YOUR ASSIGNMENT. Give back every record exactly as written.
Segment Start: MATERIAL SHOWN
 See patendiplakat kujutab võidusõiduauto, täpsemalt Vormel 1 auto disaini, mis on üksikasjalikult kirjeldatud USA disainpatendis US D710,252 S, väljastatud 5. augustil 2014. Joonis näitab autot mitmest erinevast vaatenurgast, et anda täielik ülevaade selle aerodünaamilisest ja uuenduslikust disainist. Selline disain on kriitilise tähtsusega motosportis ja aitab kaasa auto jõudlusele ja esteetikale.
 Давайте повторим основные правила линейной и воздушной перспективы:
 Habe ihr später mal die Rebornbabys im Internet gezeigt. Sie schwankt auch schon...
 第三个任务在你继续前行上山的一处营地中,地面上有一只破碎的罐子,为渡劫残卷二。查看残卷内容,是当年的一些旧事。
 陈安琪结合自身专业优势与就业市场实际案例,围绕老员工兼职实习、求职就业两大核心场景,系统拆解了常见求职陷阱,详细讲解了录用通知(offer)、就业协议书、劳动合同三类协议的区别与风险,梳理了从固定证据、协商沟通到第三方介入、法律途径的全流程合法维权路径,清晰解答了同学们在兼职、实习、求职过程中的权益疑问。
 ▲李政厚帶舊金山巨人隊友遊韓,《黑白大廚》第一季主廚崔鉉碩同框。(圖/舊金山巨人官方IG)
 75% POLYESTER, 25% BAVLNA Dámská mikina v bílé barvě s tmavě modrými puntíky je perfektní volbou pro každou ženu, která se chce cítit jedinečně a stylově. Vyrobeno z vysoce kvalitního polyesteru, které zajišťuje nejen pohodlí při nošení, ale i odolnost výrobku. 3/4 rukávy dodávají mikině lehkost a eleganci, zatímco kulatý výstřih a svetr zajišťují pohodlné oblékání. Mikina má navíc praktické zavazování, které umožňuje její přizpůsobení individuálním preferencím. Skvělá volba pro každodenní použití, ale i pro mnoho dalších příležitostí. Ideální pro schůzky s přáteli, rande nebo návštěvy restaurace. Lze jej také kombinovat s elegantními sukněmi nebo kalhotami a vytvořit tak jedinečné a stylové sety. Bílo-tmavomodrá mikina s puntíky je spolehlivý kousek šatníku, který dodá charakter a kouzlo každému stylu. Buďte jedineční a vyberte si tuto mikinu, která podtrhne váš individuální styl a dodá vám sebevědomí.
Segment End: MATERIAL SHOWN
SOLUTION TO THIS PROBLEM.
 See patendiplakat kujutab võidusõiduauto, täpsemalt Vormel 1 auto disaini, mis on üksikasjalikult kirjeldatud USA disainpatendis US D710,252 S, väljastatud 5. augustil 2014. Joonis näitab autot mitmest erinevast vaatenurgast, et anda täielik ülevaade selle aerodünaamilisest ja uuenduslikust disainist. Selline disain on kriitilise tähtsusega motosportis ja aitab kaasa auto jõudlusele ja esteetikale.
 Давайте повторим основные правила линейной и воздушной перспективы:
 Habe ihr später mal die Rebornbabys im Internet gezeigt. Sie schwankt auch schon...
 第三个任务在你继续前行上山的一处营地中,地面上有一只破碎的罐子,为渡劫残卷二。查看残卷内容,是当年的一些旧事。
 陈安琪结合自身专业优势与就业市场实际案例,围绕老员工兼职实习、求职就业两大核心场景,系统拆解了常见求职陷阱,详细讲解了录用通知(offer)、就业协议书、劳动合同三类协议的区别与风险,梳理了从固定证据、协商沟通到第三方介入、法律途径的全流程合法维权路径,清晰解答了同学们在兼职、实习、求职过程中的权益疑问。
 ▲李政厚帶舊金山巨人隊友遊韓,《黑白大廚》第一季主廚崔鉉碩同框。(圖/舊金山巨人官方IG)
 75% POLYESTER, 25% BAVLNA Dámská mikina v bílé barvě s tmavě modrými puntíky je perfektní volbou pro každou ženu, která se chce cítit jedinečně a stylově. Vyrobeno z vysoce kvalitního polyesteru, které zajišťuje nejen pohodlí při nošení, ale i odolnost výrobku. 3/4 rukávy dodávají mikině lehkost a eleganci, zatímco kulatý výstřih a svetr zajišťují pohodlné oblékání. Mikina má navíc praktické zavazování, které umožňuje její přizpůsobení individuálním preferencím. Skvělá volba pro každodenní použití, ale i pro mnoho dalších příležitostí. Ideální pro schůzky s přáteli, rande nebo návštěvy restaurace. Lze jej také kombinovat s elegantními sukněmi nebo kalhotami a vytvořit tak jedinečné a stylové sety. Bílo-tmavomodrá mikina s puntíky je spolehlivý kousek šatníku, který dodá charakter a kouzlo každému stylu. Buďte jedineční a vyberte si tuto mikinu, která podtrhne váš individuální styl a dodá vám sebevědomí.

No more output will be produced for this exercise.